To link a webapp container (i.e., a separate container) to the new database container, user may enter into the command line:
docker run -d -P --name web --link db: db training/webapp python
app.py
With the --link option as shown in the above command, a new database container 110i is created and then linked with a new webapp container 110i. As such, when the performance monitor 230 accesses the retrieved creation information for containers 110i. The performance monitor 230 parses the information searching for “--link” to determine which containers 110i are related.

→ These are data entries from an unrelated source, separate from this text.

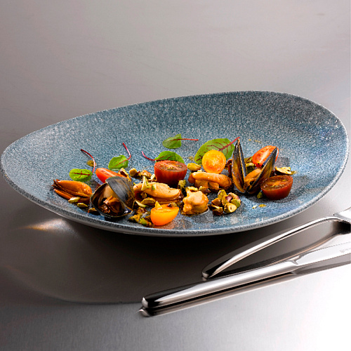 Вы можете дешево купить крупным и мелким оптом _Блюдо овальное 31,7x25,5см, цв. Raku Topaz Blue «Studio Prints» Churchill (кр12) фарфор (артикул RKTBOP121) от производителя Churchill
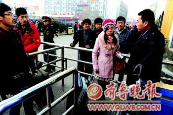 6日,濟(jì)南火車站實(shí)施進(jìn)站乘車100%實(shí)名驗(yàn)票制,票證信息不符將被拒絕進(jìn)站。圖為一名女乘客因信息不符被擋在站外! ”緢(bào)記者 周青先 攝
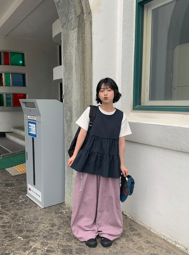 [BAONHAUS] Mesit Shirring Layered Sleeveless Blouse
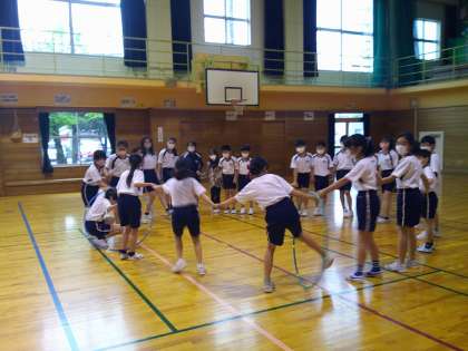 クラス対抗の輪くぐりに挑戦しました。仲間と息を合わせて様々な運動に取り組み、仲間を気遣ったり、力を合わせたりする活動をしています。
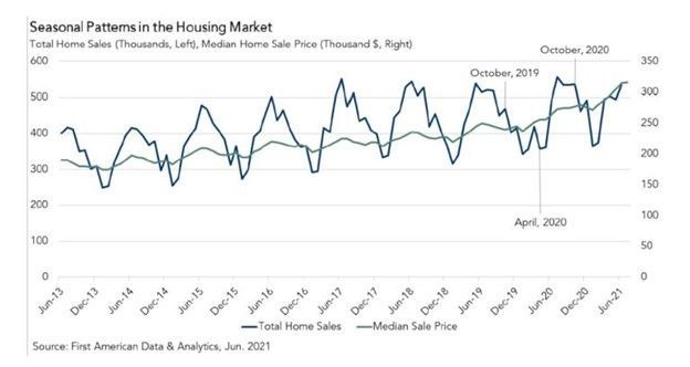 The chart below from jpking.com shows Total Home Sales and Median Home Sale Price from June 2013 - June 2021, and it illustrates that this ebb and flow always plays out with remarkable consistency.
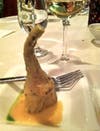 The celebrated chef Luis Bollo, imported from Spain, helmed Meigas’s kitchen for a short time and surely cast a savory spell on the place (he now runs a successful restaurant in New York), so why on a recent Thursday night were there so few people at Tinto? Service is friendly and knowledgeable, table bread and olive oil dipping sauce are fine, the ambience is pleasant enough although a tad too bright for evening dining and there seems a fair amount of attention to detail. Perhaps location is the problem. Tinto is definitely a destination restaurant, so it has to be top-notch to attract a faithful clientele.
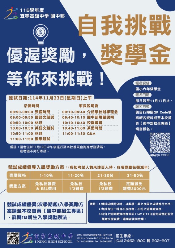 宜寧中學115學年度自我挑戰獎學金競試活動及潛能探索營暨家長說明會
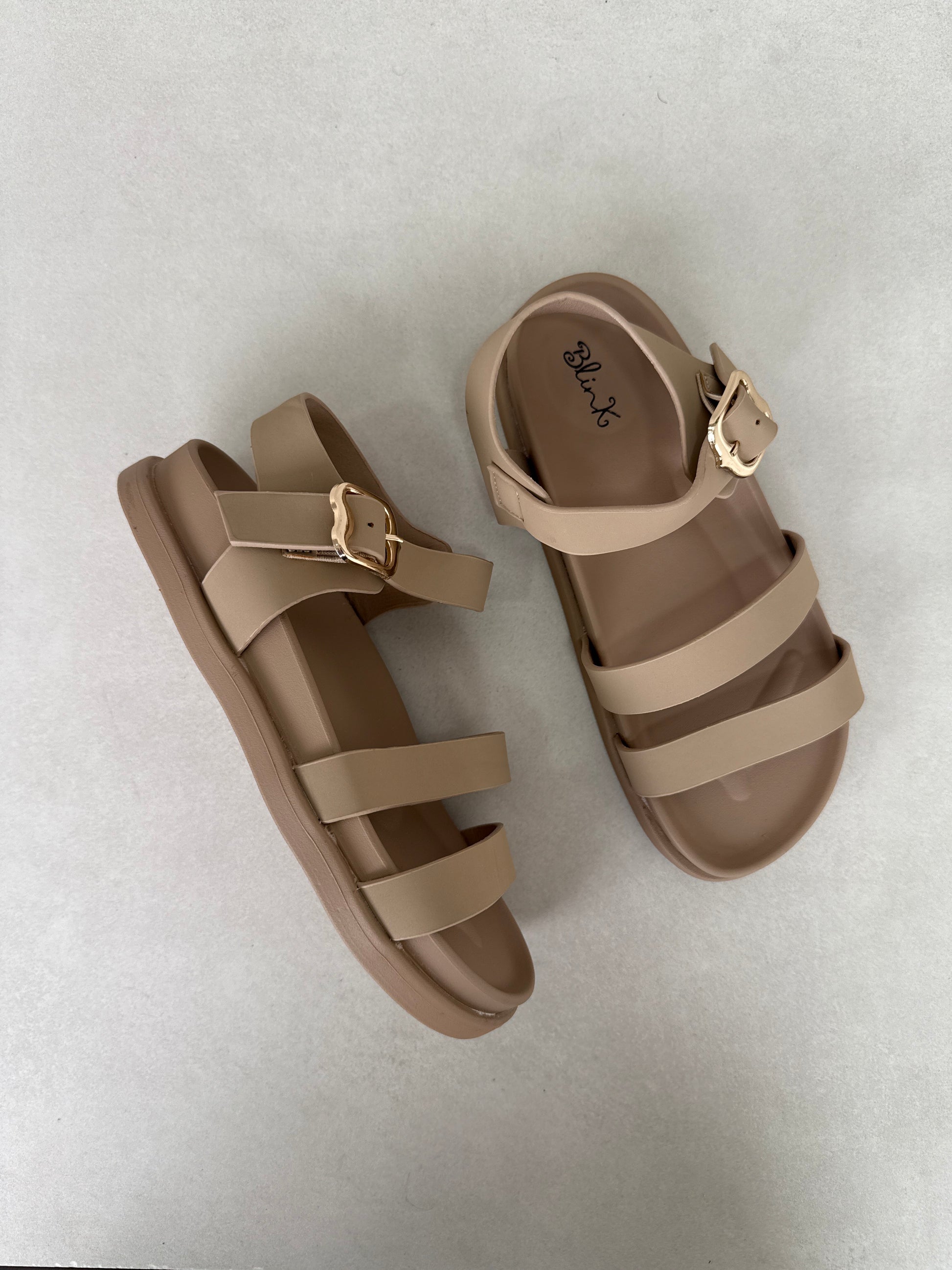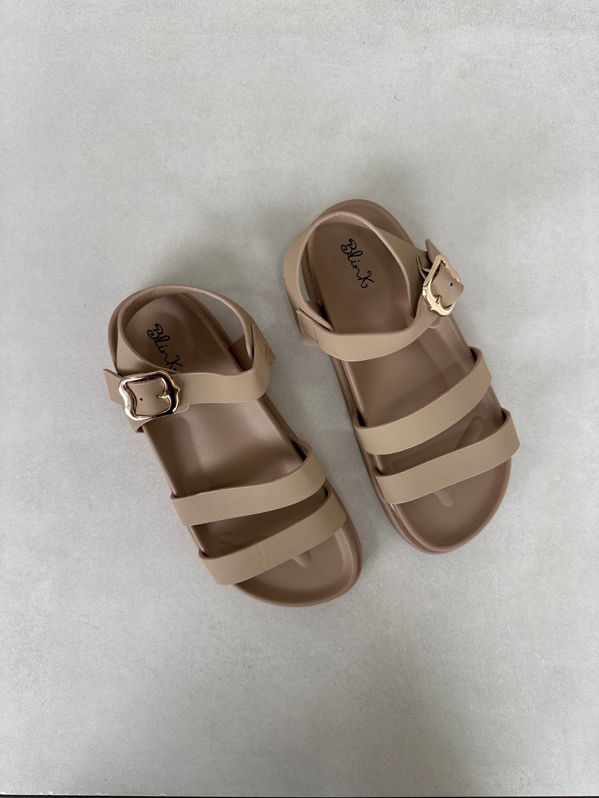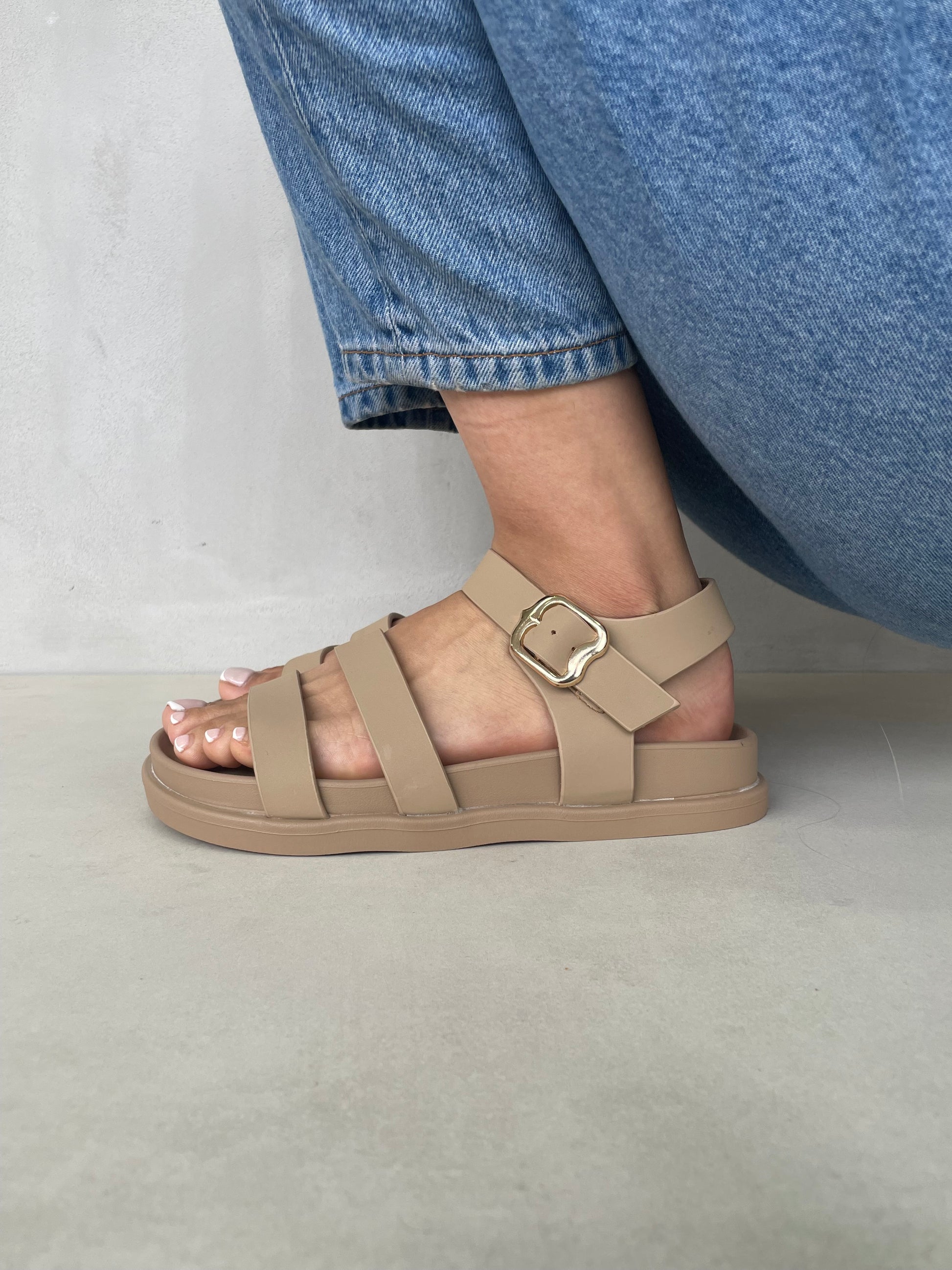 Sandalias Beige con Hebilla Dorada y Tiras Delgadas

At step 504, performance monitor 230 identifies clusters of containers 110i that comprise individual applications by determining common networks on which the containers are running. For example, performance monitor 230 may utilize a network feature provided by the OS level virtualization layer that provides complete isolation among containers 110i. This feature provides the end user with control over the networks on which the applications 220i are running. This is particularly useful for applications 220, that involve several containers 110i running in combination. For example, Docker natively provides a “--net” tag to specify on which network a given container 110i will run. Containers 110i connected on the same network/bridge can communicate with one another. As such, performance monitor 230 may access the retrieved creation information, and parse the information for “--net” to determine on which network the container is running. The performance monitor 230 utilizes the network information to group containers into one or more clusters, such as those illustrated in
At step 506, performance monitor 230 identifies any configuration file or tool that may be provided by the OS-level virtualization layer used to configure an application's 220i services. For example, Compose is a tool for Docker that is used to define and run multi-container Docker applications. With Compose, a compose configuration file is used to configure an application's 220i services. As such, Compose allows the user to use a single command to create and start all application services from the configuration. Performance monitor 230 parses the creation information to locate the compose file configurations that are used to configure an application's 220i services to determine which containers 110i are associated with a given application.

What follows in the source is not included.